#### Task to complete:
Pictures are to be left out. Return exactly the lines below from the one with "根據(jù)南方財富網(wǎ" up to and including the one with "REVILL VILLANUEVA, 4, ANG".

#### Data excerpts:
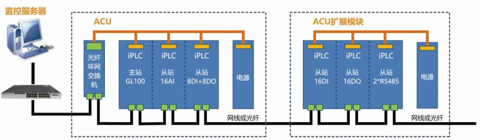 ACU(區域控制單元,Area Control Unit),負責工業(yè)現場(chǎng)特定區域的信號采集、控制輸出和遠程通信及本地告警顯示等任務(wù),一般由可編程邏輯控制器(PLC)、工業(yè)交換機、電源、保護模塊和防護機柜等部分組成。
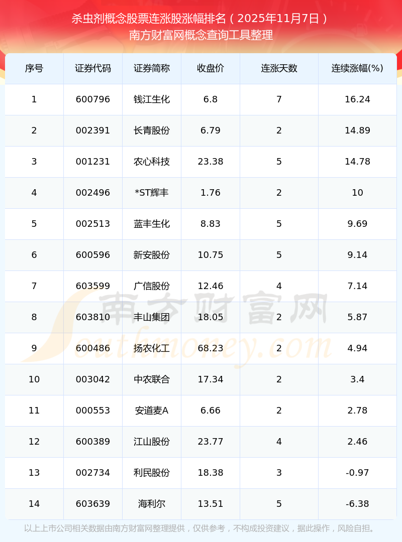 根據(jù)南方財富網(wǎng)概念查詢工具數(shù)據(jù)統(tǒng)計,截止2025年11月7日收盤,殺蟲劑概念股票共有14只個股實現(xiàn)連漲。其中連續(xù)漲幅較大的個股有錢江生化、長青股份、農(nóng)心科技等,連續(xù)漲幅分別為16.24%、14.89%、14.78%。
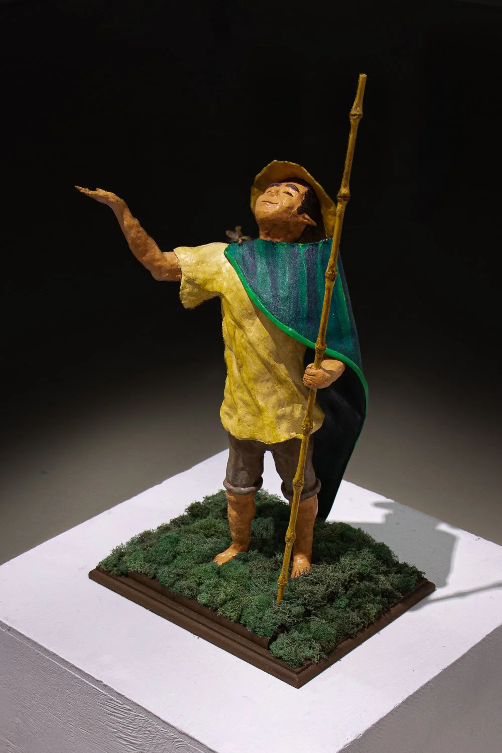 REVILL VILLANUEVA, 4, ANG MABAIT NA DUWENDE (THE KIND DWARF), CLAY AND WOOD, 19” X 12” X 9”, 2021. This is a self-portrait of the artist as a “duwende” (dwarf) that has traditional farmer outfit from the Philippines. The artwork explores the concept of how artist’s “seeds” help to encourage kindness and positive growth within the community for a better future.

---

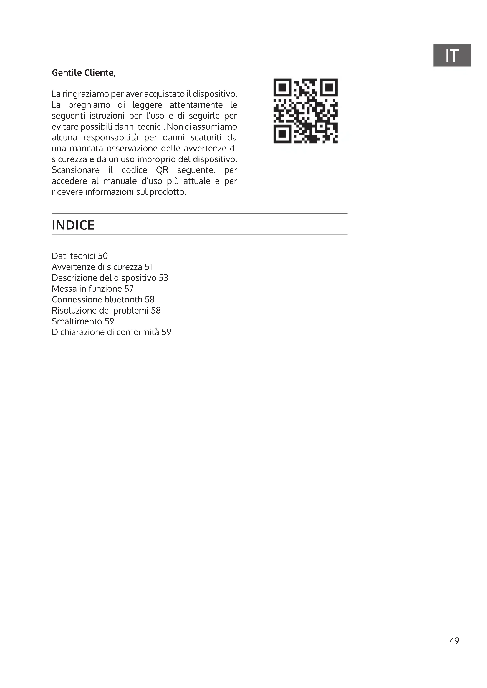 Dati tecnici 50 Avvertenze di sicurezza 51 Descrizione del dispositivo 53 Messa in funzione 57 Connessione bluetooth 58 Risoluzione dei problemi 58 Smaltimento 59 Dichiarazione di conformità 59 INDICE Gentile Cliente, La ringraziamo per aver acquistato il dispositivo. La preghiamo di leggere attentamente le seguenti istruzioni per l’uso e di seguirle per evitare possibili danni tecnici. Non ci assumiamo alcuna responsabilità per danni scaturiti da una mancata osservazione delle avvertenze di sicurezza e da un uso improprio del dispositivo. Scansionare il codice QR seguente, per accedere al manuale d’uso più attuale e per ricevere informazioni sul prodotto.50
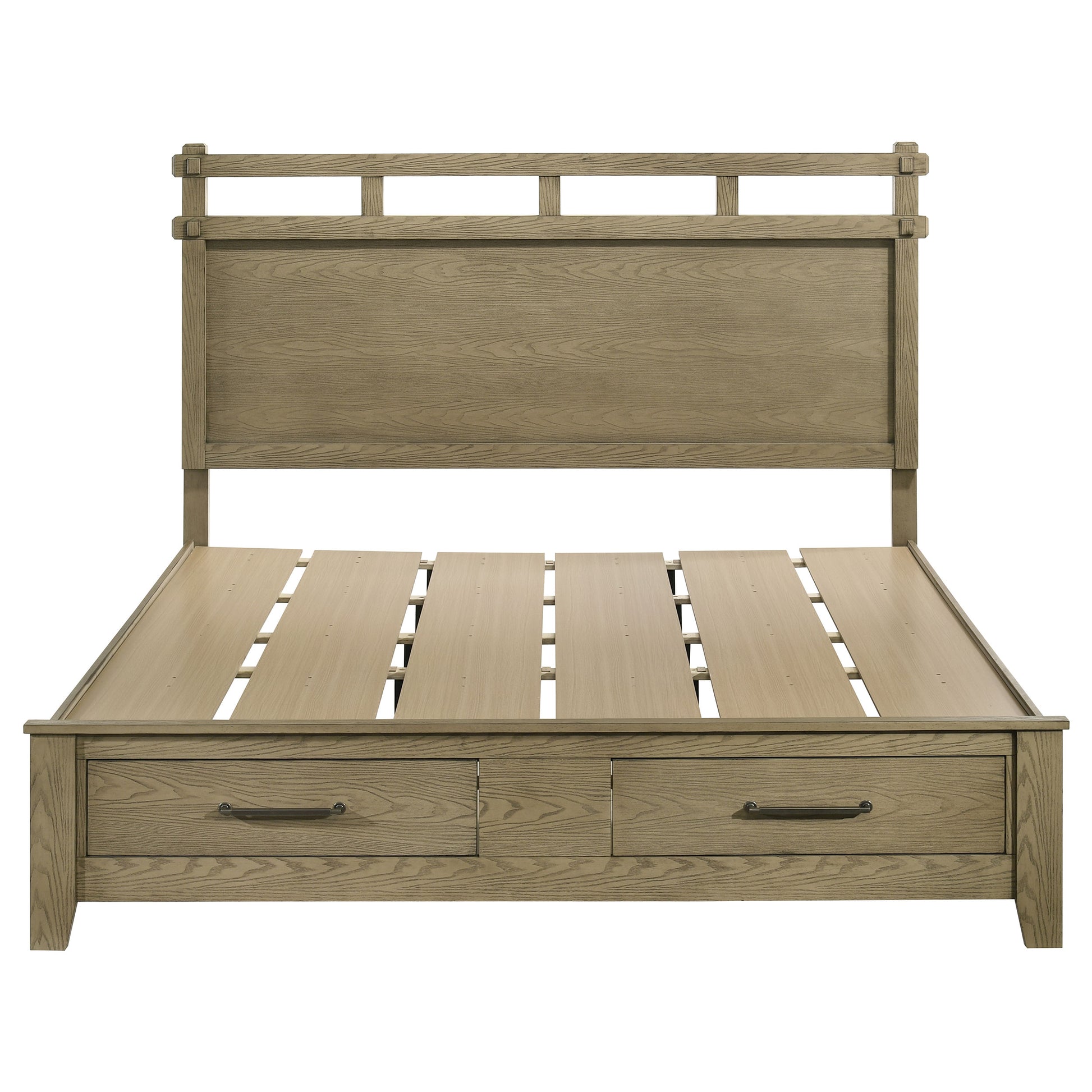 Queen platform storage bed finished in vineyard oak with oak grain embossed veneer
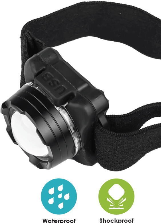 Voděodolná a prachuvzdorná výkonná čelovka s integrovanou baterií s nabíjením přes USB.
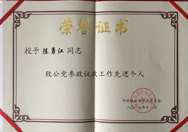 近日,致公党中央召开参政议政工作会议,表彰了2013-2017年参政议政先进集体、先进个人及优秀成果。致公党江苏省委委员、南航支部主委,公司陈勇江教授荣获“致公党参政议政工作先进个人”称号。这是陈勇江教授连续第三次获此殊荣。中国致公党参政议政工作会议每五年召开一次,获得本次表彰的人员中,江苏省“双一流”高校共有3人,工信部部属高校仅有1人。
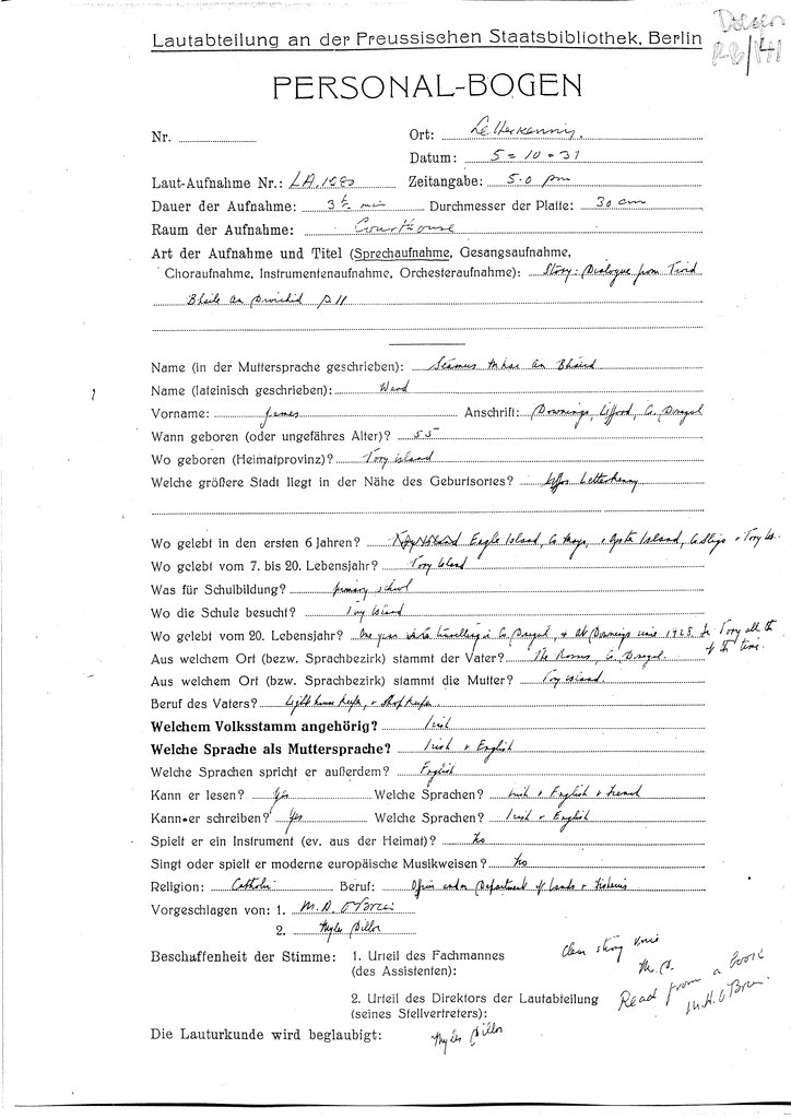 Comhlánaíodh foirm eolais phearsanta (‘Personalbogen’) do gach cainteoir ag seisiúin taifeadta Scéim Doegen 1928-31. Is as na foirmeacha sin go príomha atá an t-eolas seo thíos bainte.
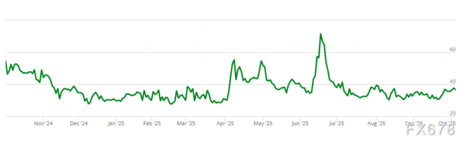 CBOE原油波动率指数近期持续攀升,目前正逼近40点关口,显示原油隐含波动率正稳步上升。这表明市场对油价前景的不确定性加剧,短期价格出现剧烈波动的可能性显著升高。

#### Completed task:
 根據(jù)南方財富網(wǎng)概念查詢工具數(shù)據(jù)統(tǒng)計,截止2025年11月7日收盤,殺蟲劑概念股票共有14只個股實現(xiàn)連漲。其中連續(xù)漲幅較大的個股有錢江生化、長青股份、農(nóng)心科技等,連續(xù)漲幅分別為16.24%、14.89%、14.78%。
 REVILL VILLANUEVA, 4, ANG MABAIT NA DUWENDE (THE KIND DWARF), CLAY AND WOOD, 19” X 12” X 9”, 2021. This is a self-portrait of the artist as a “duwende” (dwarf) that has traditional farmer outfit from the Philippines. The artwork explores the concept of how artist’s “seeds” help to encourage kindness and positive growth within the community for a better future.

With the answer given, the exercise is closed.